すぐに、言葉は出ない。だって、本当に平気だって、思ってたから。わたしたちの旅に怪我は付き物で、治療をしてもらえばそれで大丈夫、だったから。確かに少し戦闘は控えるようにとは言われたけれど、それだけで。それ以上、気にしたり、しないから。
そんなに心配してくれるんだ、ありがとう……と伝えるのも、きっと違う。それは、彼の優しさを受け流す言葉だ。でも、立ち止まっていられないのも事実で。そのことをわからないミトスではない。
すぐに口を閉じると、また小さくなってしまった声でゆるりと首を振った。

「……ご、ごめんなさい、ボク……」
「確かに。ナギサ以外にも、怪我をしたやつはいるもんな」

ロイドの言葉に、ミトスがぱっと顔を上げる。
彼は連戦続きで休憩もほとんどしなかったもんなあ、と何度もうなずくと、だからさ、と明るく笑った。

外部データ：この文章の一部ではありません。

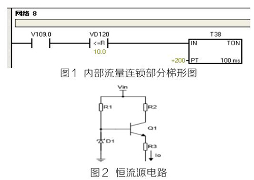 (2)PLC及模塊。PLC及模塊是自動化控制系統(tǒng)主要設(shè)備,且PLC及模塊屬于高集成高精密電子設(shè)備,保持室內(nèi)整潔舒適,可以提高自動化系統(tǒng)運(yùn)行穩(wěn)定性。PLC及模塊硬件運(yùn)行可靠,內(nèi)部控制程序是其控制核心軟件,如PLC硬件出現(xiàn)故障或損壞一般直接更換,但原內(nèi)部控制軟件無法上傳,整個控制系統(tǒng)成失控狀態(tài)。所以其內(nèi)部控制程序在調(diào)試驗收合格后應(yīng)及時備份并做好標(biāo)記,為以后修復(fù)PLC故障提供保障。PLC系統(tǒng)的維護(hù)技術(shù)人員需掌握一定基礎(chǔ)PLC控制邏輯原理,對準(zhǔn)確判斷PLC故障點有很大的幫助。例如選礦廠水泵房S7-200系列PLC自動抽水系統(tǒng)出現(xiàn)如下故障 :觸摸屏能控制變頻器啟動水泵抽水,但在短時間內(nèi)會自動停泵,導(dǎo)致無法正常抽水。通過故障現(xiàn)象可初步判斷PLC及模塊硬件設(shè)備正常,主要由于某個變量有問題導(dǎo)致連鎖停機(jī)。打開備份PLC控制梯形圖程序進(jìn)行相關(guān)分析,原來是氨水流量計瞬時流量數(shù)值做了連鎖,其在一定時間內(nèi)瞬時流量不大于10m 3 /h時,自動停泵,電磁流量模擬量輸出電流值僅為4ma且無變化,確定氨水流量計有故障。可臨時應(yīng)急維修,模擬量模塊輸入模擬電流值10ma~20ma之間一固定數(shù)值即可恢復(fù)正常運(yùn)行。制作簡單恒流源電路代替氨水流量計輸出的模擬電流量,實現(xiàn)解決水泵無法正常運(yùn)行的故障。
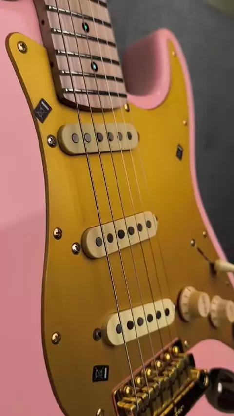 Finished this pink Strat build 🎸 The guitar finally looks complete yeeyy Bridge & tuners by @guykerofficial Link in bio#guyker#guitartok#guitargear#farabeeguitarlabs#strat
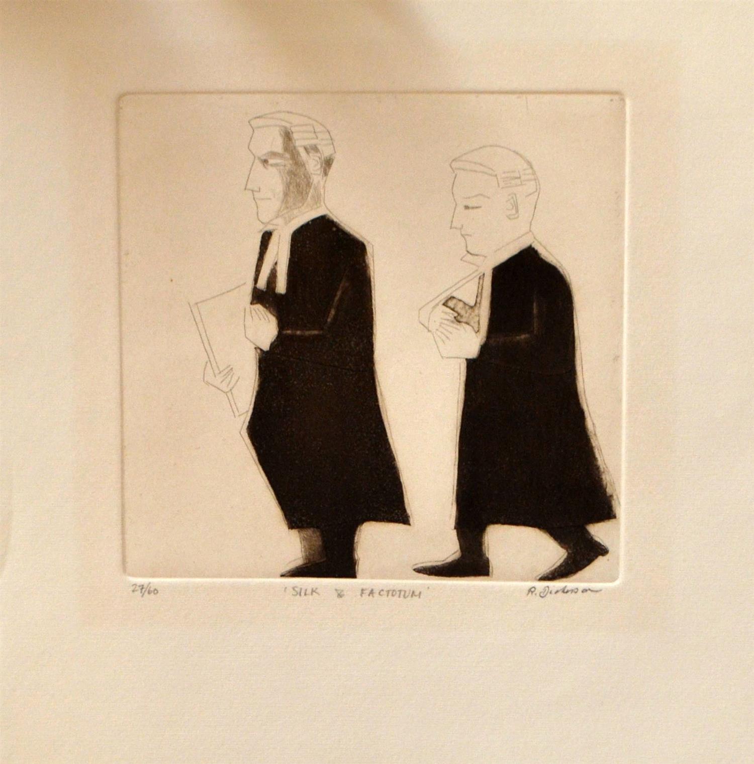 ROBERT DICKERSON, SILK AND FACTOTUM, ETCHING 27/60, 26 X 26CM, UNFRAMED, CONDITION: VERY GOOD

「休める時に休むのが一番だと思うぜ。レネゲードに情報を聞きに行くのは、何も全員じゃなくちゃいけないわけじゃないんだ。それにナギサのレアバードだって壊れちゃったしさ。こっちで調べなきゃいけないこともあるし……手分けしようぜ」
「そ、そうだよね。ちょっと休むのも大事だとボクも思うよ!」

にかっと笑うロイドの横で、ジーニアスが何度もうなずく。
いくら交代で休んでいるとはいえ、やっぱり休める時に休むのが一番だ、どうせレアバードも壊れている、他にもここで集めるべき情報があるかもしれない……そんな風に。誰か一人を理由や言い訳にするのではなく、大局的に見てみんなが納得できるような理由を用意する彼に、異を唱える者はいない。
……いつも、彼は頭の回転が速いとか、地頭がいいとは思っていたけれど。こんな時に、誰かを言い訳にしない、みんなが納得できるような理由を提示できるのだから、さすがだ。

「な、姉さん。みんなもいいだろ?」
「そうだな。俺さまももうクタクタ〜」
「……そうだね。確かに、レアバードがあれじゃ行きたくてもいけないか」

何人かはわたしの巻き添えで残って休んでもらうことにしよう、と少しからかうように言えば、じゃあ俺さまが! と真っ先にゼロスくんが手を挙げる。あんたはどうせ女の子に声をかけるつもりだろ、としいなに頭を叩かれるまでがセットだ。
そうしてすぐにいつものみんなの雰囲気に戻るのを見て、ミトスはそっとほほ笑んだ。